Gateway health metrics reflect the internal state of the Gateway process itself, independent of API traffic. They are available when `opentelemetry.metrics.enabled: true` (Tyk Gateway 5.13+) and can be disabled independently with `runtime_metrics: false` if you only need RED signals.

### Memory

**Metrics:**

| Metric name (OTel)      | Prometheus name                   | Type    | What it tells you                                                                                                                                                                                                |
| ----------------------- | --------------------------------- | ------- | ---------------------------------------------------------------------------------------------------------------------------------------------------------------------------------------------------------------- |
| `go.memory.used`        | `go_memory_used_bytes`            | Gauge   | Memory in use by the Go runtime, broken down by `go_memory_type` label (`"stack"` or `"other"`).

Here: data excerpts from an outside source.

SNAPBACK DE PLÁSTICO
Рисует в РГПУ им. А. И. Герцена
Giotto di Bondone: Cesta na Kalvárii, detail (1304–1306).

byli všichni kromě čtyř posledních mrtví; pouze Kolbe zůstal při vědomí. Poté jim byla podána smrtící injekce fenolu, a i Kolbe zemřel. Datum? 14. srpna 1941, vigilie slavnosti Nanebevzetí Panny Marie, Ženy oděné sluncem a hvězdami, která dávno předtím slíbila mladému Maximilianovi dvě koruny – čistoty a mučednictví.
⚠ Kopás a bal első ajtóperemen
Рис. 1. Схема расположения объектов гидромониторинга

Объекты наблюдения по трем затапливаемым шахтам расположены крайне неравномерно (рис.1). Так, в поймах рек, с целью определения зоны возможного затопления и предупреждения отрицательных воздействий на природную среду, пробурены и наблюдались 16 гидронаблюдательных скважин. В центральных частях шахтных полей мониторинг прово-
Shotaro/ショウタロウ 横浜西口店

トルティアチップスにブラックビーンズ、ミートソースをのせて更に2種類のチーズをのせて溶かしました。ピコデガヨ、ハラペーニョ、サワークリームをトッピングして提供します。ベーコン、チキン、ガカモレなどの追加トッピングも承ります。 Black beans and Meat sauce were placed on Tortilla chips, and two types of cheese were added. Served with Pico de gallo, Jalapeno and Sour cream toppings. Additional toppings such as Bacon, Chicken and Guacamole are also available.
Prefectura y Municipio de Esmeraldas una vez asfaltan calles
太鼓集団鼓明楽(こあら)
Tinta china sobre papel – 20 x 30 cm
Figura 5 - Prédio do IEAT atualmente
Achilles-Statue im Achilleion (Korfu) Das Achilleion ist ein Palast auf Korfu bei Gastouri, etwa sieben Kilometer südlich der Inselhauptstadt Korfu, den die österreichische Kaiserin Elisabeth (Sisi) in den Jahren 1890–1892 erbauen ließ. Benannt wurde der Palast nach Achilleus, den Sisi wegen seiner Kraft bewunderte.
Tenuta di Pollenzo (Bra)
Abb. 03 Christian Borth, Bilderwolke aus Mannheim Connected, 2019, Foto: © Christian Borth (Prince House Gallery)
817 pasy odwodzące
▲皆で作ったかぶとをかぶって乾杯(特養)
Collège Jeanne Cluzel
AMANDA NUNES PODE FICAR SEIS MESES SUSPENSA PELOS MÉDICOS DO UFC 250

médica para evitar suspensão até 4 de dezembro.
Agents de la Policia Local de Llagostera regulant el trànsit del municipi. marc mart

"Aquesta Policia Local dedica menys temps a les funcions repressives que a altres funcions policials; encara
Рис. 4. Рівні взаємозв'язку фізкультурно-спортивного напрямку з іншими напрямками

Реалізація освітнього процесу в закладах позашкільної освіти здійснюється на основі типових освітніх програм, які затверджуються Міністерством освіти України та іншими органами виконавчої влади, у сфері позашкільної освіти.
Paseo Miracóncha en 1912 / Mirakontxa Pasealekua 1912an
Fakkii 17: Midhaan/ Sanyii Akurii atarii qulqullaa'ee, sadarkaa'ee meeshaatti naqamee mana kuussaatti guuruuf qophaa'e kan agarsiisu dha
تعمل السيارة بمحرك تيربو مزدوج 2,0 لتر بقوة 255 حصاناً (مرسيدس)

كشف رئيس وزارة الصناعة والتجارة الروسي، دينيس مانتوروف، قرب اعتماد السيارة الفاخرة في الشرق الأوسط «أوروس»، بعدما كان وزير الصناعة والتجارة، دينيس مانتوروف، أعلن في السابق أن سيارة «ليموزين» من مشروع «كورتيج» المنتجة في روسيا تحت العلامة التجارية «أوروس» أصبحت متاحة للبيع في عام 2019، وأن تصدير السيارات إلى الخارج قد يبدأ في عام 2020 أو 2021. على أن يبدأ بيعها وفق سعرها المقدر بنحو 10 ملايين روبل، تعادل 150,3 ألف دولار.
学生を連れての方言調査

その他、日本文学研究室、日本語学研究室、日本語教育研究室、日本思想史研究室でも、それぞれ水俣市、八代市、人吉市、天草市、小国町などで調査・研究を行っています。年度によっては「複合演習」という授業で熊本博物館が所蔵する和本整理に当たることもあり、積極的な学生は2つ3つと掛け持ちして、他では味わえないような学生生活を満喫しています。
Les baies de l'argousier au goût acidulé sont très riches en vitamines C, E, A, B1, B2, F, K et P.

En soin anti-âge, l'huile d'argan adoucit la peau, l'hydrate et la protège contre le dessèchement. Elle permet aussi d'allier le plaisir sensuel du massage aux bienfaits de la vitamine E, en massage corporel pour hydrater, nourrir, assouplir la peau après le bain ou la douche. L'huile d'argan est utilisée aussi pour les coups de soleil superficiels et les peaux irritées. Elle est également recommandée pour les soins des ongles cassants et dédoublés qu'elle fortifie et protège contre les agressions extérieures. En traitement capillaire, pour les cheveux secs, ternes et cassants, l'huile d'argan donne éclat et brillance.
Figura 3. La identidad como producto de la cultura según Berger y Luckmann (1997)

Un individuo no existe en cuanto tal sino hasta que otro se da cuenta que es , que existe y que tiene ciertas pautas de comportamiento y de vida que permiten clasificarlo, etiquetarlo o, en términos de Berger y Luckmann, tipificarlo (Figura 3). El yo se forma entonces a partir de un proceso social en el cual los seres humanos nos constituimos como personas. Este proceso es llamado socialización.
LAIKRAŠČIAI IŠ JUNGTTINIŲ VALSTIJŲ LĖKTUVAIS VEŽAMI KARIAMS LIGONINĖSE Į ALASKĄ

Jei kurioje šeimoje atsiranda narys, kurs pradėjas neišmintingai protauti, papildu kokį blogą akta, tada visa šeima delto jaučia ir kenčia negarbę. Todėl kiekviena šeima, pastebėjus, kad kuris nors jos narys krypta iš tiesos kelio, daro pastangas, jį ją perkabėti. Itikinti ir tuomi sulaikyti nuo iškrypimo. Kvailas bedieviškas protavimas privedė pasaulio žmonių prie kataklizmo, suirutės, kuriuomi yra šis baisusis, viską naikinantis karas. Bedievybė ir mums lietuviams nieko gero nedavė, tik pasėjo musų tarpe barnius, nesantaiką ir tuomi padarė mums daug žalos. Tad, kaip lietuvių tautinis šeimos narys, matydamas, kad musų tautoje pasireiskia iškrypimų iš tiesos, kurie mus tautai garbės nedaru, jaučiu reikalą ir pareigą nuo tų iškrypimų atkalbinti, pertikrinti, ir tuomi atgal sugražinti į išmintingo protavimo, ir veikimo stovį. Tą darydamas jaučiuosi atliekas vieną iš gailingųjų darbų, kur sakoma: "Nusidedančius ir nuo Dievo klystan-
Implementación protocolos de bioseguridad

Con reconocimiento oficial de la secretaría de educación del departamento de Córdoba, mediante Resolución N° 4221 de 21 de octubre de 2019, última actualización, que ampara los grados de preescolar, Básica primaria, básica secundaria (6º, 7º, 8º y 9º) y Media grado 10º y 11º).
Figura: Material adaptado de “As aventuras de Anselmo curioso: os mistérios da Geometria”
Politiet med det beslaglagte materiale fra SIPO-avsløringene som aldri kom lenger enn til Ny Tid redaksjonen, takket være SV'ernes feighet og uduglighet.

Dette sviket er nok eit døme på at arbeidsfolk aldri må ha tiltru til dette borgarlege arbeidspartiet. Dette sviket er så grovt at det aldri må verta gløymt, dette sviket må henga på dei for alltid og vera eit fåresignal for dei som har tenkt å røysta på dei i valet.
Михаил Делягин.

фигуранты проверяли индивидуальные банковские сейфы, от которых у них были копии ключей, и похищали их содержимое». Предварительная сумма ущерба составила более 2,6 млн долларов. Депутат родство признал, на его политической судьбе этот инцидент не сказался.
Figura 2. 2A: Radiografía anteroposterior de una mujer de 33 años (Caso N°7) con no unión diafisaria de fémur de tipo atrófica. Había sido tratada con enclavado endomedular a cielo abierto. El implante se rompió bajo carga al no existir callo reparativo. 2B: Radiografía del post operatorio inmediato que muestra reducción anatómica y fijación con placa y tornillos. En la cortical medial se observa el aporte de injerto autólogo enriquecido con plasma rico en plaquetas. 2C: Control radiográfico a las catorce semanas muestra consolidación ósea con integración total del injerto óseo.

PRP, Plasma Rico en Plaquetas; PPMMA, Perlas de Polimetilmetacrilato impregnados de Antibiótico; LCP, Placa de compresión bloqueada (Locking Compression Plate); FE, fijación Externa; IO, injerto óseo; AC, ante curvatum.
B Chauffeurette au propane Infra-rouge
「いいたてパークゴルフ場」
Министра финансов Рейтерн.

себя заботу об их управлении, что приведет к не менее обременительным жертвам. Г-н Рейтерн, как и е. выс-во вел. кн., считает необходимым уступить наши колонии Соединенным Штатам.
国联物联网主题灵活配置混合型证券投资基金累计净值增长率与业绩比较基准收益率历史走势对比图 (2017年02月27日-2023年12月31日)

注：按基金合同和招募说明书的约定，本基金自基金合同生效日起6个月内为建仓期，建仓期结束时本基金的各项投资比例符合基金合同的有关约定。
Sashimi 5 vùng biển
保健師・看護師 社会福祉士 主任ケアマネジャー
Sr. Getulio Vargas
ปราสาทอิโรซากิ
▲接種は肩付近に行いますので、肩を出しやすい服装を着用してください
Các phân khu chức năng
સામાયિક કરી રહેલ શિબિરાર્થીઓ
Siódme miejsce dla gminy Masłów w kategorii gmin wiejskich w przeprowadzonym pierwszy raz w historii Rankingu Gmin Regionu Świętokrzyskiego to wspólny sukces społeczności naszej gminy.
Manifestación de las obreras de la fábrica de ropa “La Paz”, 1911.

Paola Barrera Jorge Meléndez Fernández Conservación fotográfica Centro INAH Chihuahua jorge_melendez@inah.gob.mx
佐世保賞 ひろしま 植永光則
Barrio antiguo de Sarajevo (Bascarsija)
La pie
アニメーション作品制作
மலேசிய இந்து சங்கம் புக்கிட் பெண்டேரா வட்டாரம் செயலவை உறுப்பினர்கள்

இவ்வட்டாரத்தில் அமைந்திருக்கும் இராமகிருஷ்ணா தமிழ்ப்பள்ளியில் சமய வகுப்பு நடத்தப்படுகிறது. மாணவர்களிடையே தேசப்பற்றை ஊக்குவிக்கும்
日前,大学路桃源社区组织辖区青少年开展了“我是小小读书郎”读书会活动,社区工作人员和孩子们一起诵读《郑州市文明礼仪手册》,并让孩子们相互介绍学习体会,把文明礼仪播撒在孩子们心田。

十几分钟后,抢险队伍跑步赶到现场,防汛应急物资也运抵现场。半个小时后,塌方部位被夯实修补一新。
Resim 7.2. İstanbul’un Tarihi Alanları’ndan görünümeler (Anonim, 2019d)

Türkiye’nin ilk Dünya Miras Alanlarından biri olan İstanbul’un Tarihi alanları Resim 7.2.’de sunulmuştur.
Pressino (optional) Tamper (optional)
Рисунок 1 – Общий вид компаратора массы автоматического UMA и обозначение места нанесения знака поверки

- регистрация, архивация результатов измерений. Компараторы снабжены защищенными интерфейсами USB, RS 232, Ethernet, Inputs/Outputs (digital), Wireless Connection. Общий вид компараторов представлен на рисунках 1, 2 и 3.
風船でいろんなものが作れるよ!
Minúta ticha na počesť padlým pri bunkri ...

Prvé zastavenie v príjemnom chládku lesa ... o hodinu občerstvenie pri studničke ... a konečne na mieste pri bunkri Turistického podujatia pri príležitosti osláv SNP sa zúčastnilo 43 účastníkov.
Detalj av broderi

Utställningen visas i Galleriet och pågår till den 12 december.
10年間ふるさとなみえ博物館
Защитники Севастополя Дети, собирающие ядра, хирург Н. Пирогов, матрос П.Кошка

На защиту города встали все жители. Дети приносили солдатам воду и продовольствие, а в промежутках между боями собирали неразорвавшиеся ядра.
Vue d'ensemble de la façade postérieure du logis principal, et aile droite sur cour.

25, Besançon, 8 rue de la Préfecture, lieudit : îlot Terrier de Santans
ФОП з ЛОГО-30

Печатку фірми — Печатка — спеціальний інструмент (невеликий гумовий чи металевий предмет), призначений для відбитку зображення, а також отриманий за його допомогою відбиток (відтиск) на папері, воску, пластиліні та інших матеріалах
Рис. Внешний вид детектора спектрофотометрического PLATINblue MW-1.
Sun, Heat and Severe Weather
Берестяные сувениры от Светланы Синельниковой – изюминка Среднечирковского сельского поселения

Monitor `go_memory_type="other"` for leak detection; the stack series grows proportionally with goroutine count |
| `go.memory.gc.goal`     | `go_memory_gc_goal_bytes`         | Gauge   | Target heap size before next GC cycle                                                                                                                                                                            |
| `go.memory.limit`       | `go_memory_limit_bytes`           | Gauge   | Configured `GOMEMLIMIT` value; use as the denominator for utilization alerts (alert when `go_memory_used_bytes` exceeds 85% of this)                                                                             |
| `go.memory.allocated`   | `go_memory_allocated_bytes_total` | Counter | Total bytes allocated since startup                                                                                                                                                                              |
| `go.memory.allocations` | `go_memory_allocations_total`     | Counter | Total allocation count since startup. High rate = allocation pressure                                                                                                                                            |

**What memory thresholds should I set?**

There is no fixed absolute limit. Thresholds depend on how many APIs are loaded. Alert on **rate of growth** instead:

* `go_memory_used_bytes{go_memory_type="other"}` growing > 10% per hour with stable traffic and stable API count → investigate
* If you set `GOMEMLIMIT`, alert when `go_memory_used_bytes{go_memory_type="other"}` exceeds 85% of `go_memory_limit_bytes`; GC will become aggressive and start impacting request latency

**Troubleshooting memory issues:**

| Issue                                                                                                 | Possible Causes                                  | Remediation                                                                                                                                                                                               |
| ----------------------------------------------------------------------------------------------------- | ------------------------------------------------ | --------------------------------------------------------------------------------------------------------------------------------------------------------------------------------------------------------- |
| `go_memory_used_bytes{go_memory_type="other"}` growing monotonically over hours with stable API count | Memory leak in a middleware or connection pool   | Requires `"enable_http_profiler": true` in `tyk.conf`. Capture heap profile: `curl http://gateway:<control_api_port>/debug/pprof/heap > heap.pprof`. Contact Tyk support with the profile and trend chart |
| Memory growing proportionally with API count                                                          | Normal — each API definition has memory overhead | Increase instance memory; review whether all loaded APIs are still needed                                                                                                                                 |
| Memory growing faster than expected with stable API count                                             | High allocation pressure from request handling   | Check rate of `go_memory_allocations_total`; if climbing steeply, contact Tyk support with a heap profile                                                                                                 |

***

### Goroutines

**Metrics:**

| Metric name (OTel)   | Prometheus name          | Type  | What it tells you                                    |
| -------------------- | ------------------------ | ----- | ---------------------------------------------------- |
| `go.goroutine.count` | `go_goroutine_count`     | Gauge | Number of active goroutines. Monotonic growth = leak |
| `go.processor.limit` | `go_processor_limit`     | Gauge | Number of OS threads available (GOMAXPROCS)          |
| `go.config.gogc`     | `go_config_gogc_percent` | Gauge | GC target percentage (GOGC env var)                  |

**What goroutine thresholds should I set?**

A healthy Gateway at moderate load runs with 500–2,000 goroutines. Alert at **5,000 goroutines sustained for 10 minutes**. A one-time spike during a traffic burst is normal; a monotonically increasing trend over hours is not.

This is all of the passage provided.